OCI chiefs to hear Caitriona Cuddihy appeal against her deselection for Olympics
THE Olympic Council of Ireland (OCI) will hear Caitriona Cuddihy's appeal against her deselection for London early next week.
The OCI are expected to make a statement on the matter today, but it appears that they have received all the information they requested from Athletics Ireland (AAI) and are now ready to hear the case.
The OCI said initially they could not hear an appeal until they were satisfied that Athletics Ireland had correctly followed all of their own internal procedures.
The Kilkenny City Harriers sprinter was initially selected by AAI last week for Ireland's Olympic 4x400m squad, but when Joanna Mills, from Ballymena & Antrim AC, successfully appealed to AAI that she should have been included on the team, Cuddihy was dropped.
Mills (19), kept her focus and ran a season's best 54.17 to reach the 400m semi-finals at the World Junior Championships in Barcelona this week, but she did not progress any further yesterday, finishing eighth in the first of the semis in a time of 54.52.
There was no luck either for Ferrybank's 400m hurdler Ben Kiely or Carlow sprinter Marcus Lawler.
Kiely, the reigning Irish schools champion at both 400m and 400m hurdles, ran a personal best of 52.39 seconds to reach yesterday's 400m hurdles semi-finals.
However, when the pace really hotted up, he could only manage seventh (in 53:06) in his semi-final, which was won by Jamaica's Javern Gallimore in 50:45, the fastest time in the world by a junior (U-20) this year.
There was disappointment, too, for Lawler from St Laurence O'Toole AC, son of former Irish international Patricia Amond.
Lawler, who set two Irish Youth records at 100m (10.72) and 200m (21.42) this year, had a difficult outside lane in his 200m heat, yet was still in the mix after the bend and eventually finished fifth in 21.58.
This heat was the slowest, so he missed out on the 21.33 he needed to get into the semi-finals as a fastest loser.
He would thus have had to smash his personal best to get through.
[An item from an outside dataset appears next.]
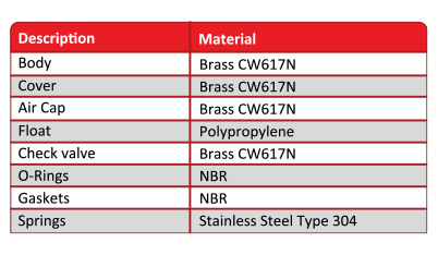 Solid brass construction with long life polypropylene float
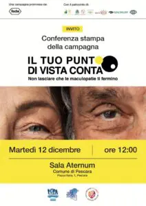 Martedì 12 Dicembre alle ore 12, nella Sala Aternum del Comune di Pescara (Piazza Italia 1), la conferenza stampa di presentazione della Campagna di prevenzione “Il tuo punto di vista conta – Non lasciare che le maculopatie ti fermino” organizzata dalla Scuola di Specializzazione in Oftalmologia dell’Università d’Annunzio di Chieti-Pescara, diretta dal professor Rodolfo Mastropasqua, in collaborazione con l’Unità operativa complessa di Oculistica della Asl di Pescara, diretta dal dottor Michele Marullo. L’iniziativa di grande rilevanza sociale e sanitaria è promossa da Roche, una delle principali multinazionali del settore farmaceutica, diagnostica e biotecnologia, e prevede uno screening gratuito ad ampio raggio sulle maculopatie che colpiscono circa il 12% della popolazione con più di 70 anni, portando gravissime conseguenze per la vista. Diagnosi precoce e tecnologia risultano fondamentali. Parteciperanno Rodolfo Mastropasqua – Professore ordinario in Oftalmologia, Direttore della Scuola di Specializzazione in Oftalmologia, Università d’Annunzio Chieti-Pescara, Michele Marullo – Direttore dell’Unità operativa complessa di Oculistica, Asl Pescara e Massimo Ligustro – Presidente Comitato Macula.

However, he will be eligible for this event again in two year's time.
Ireland's best medal chance at these championships, Mark English, goes into action today in the 800m heats, which will also include fellow Donegal runner Karl Griffin.
The Letterkenny star broke his own Irish junior record this year with a run of 1:45.77 that put him fifth on the all-time Irish senior list.
And though he has been injured recently, English ran 1:46.20 in Madrid last Saturday night to indicate that he is coming back to top form.
Limerick hurdler Sarah Lavin and hammer throwers Dempsey McGuigan and James McCabe are also competing today.